Credit card companies face similar challenges, and are pursuing similar strategies. As noted in a recent article on The Conversation by Jungwoo Ryoo, Associate Professor of Information Sciences and Technology at Pennsylvania State University, “Americans used credit cards to pay for 26.2 billion purchases in 2012. The estimated loss due to unauthorized transactions that year was US $6.1 billion.” Ryoo goes on to note that because the federal Fair Credit Billing Act limits the maximum liability of a credit card owner to $50 for unauthorized transactions, credit card companies are responsible for the balance. So needless to say, these companies have a pressing need to prevent fraud at every opportunity. They are now doing so by employing Machine Learning algorithms that can assign fraud probability scores in real time to vast amounts of transactions, drawing on real-time analysis of equally vast amounts of data.
Similar initiatives are ongoing in the field of Enterprise Security, where companies are using increasingly sophisticated behavioral analytics tools to prevent security breaches. Karl Motey, writing recently on his BitNavi blog, says “companies today are developing tools that incorporate 5 key technologies.” He defines this as follows:
- Data analytics: machine learning and statistical analysis is increasingly being incorporated into the latest tools
- Data integration: some of the latest tools enable the detection and analysis of both structured and unstructured data
- Data presentation/visualization: trend analysis and other presentation tools are being introduced as visual tools for the end user
- Source system analysis: can be deployed on premise or could be cloud-based, with emphasis on the vendor’s knowledge of the source systems (e.g. SIEM or DLP)
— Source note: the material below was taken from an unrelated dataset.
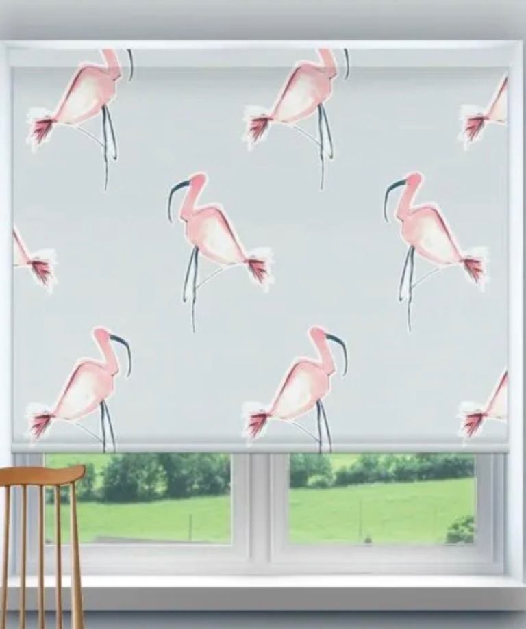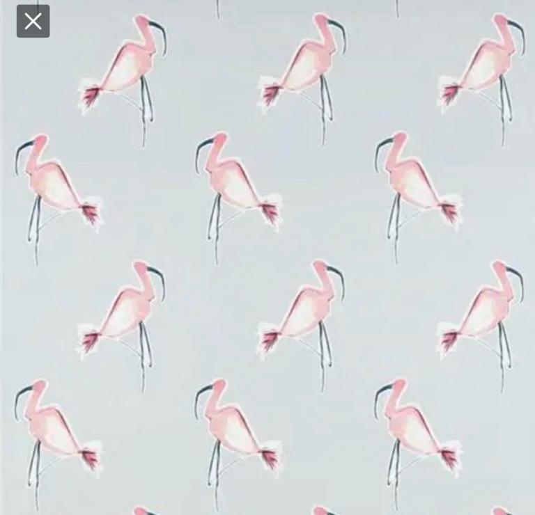 A fun and playful design featuring multidirectional pink cranes on a soft blue/grey ground.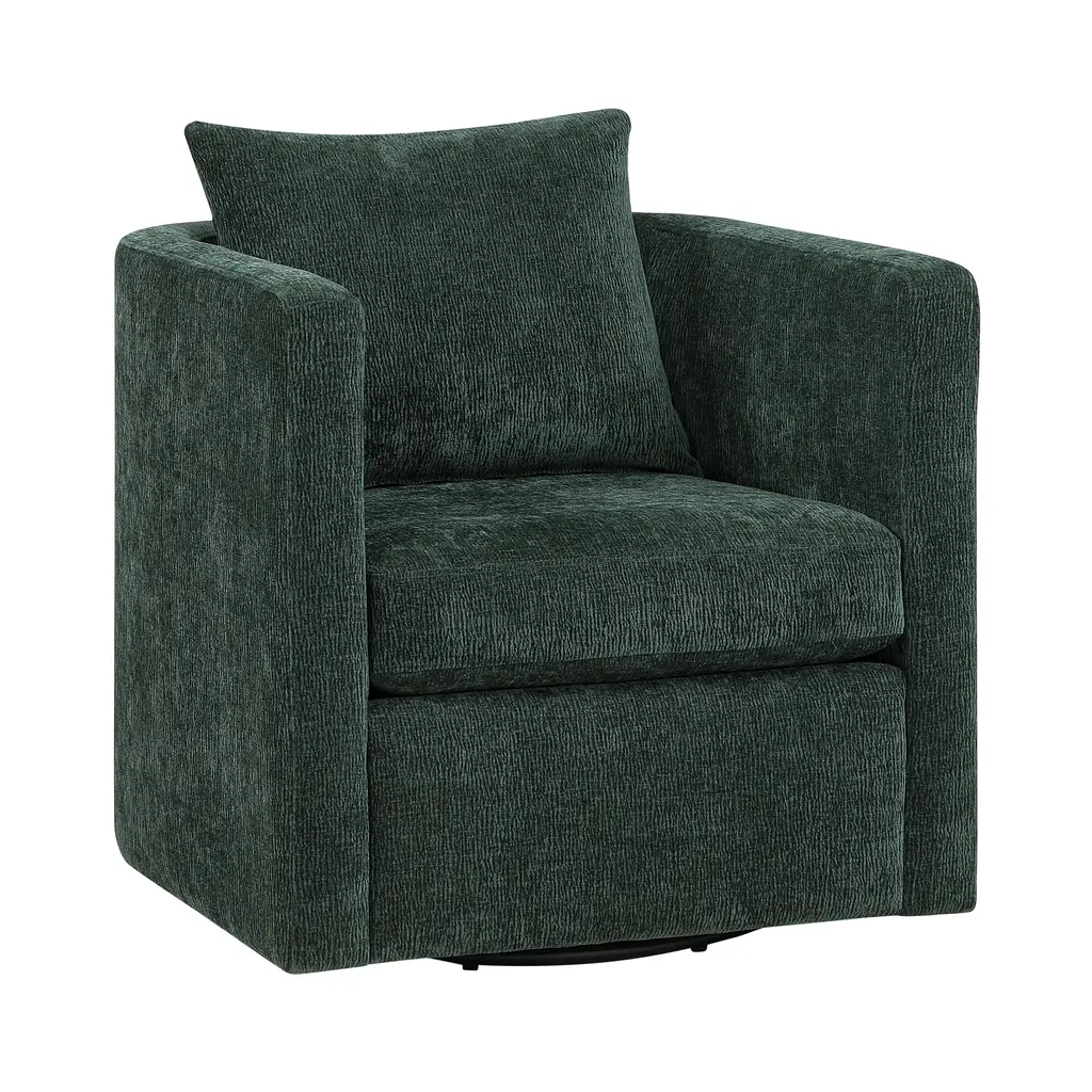 Our Sutton Swivel chair is upholstered in family and pet-friendly ultra-soft performance fabric. A large back pillow and pocket coil seat cushion bring unparalleled comfort. Reversible seat and back cushion enhance durability, while the 360-degree swivel feature adds effortless ease to your conversations.. Upholstered in family and pet friendly ultra soft performance fabric. Stain resistant fabric. Reversible seat and back pillow. 360 degree swivel. Pocket coil seat cushion

- Service delivery method: either on premise or cloud-based, many vendors require the installation of an appliance into the company network
A recent article on the Hewlett Packard Enterprise blog nicely sums up the brave new world of Machine Learning’s burgeoning impact on Enterprise Security:
“Without development of the existing Big Data analytics stack over the last several years, this degree of automation would likely not have been possible. Coupled with these innovations in data ingestion, transformation, and analysis are several more recent developments in monitoring and automation. Combined with the power of machine learning algorithms (many of which aren’t fundamentally new but have been tailored to suit different needs) it’s finally time for true application security, unmanaged and automated, to emerge for companies of all sizes.”
As these examples make clear, Machine Learning really IS nearly everywhere. It informs everything from how we entertain ourselves, to how we heal ourselves, to how we protect ourselves. What is encouraging in all of this, is the depth of concern for the human condition. Whether it’s something as pleasurable as movie watching, or as serious as healthcare, the motivating agenda is the same—how can we improve things for people? There is a flip side to this of course. “The Ethics of Artificial Intelligence” is a topic currently igniting tremendous passions throughout the field, and there are justifiable concerns being raised.
But, as teachers of Machine Learning, we know firsthand that the collective hearts of our students are in the right place. And as they are the Machine Learning Engineers of the future, we are confident that the technology is in safe hands!
Look around you, can you see an example of Machine Learning in action?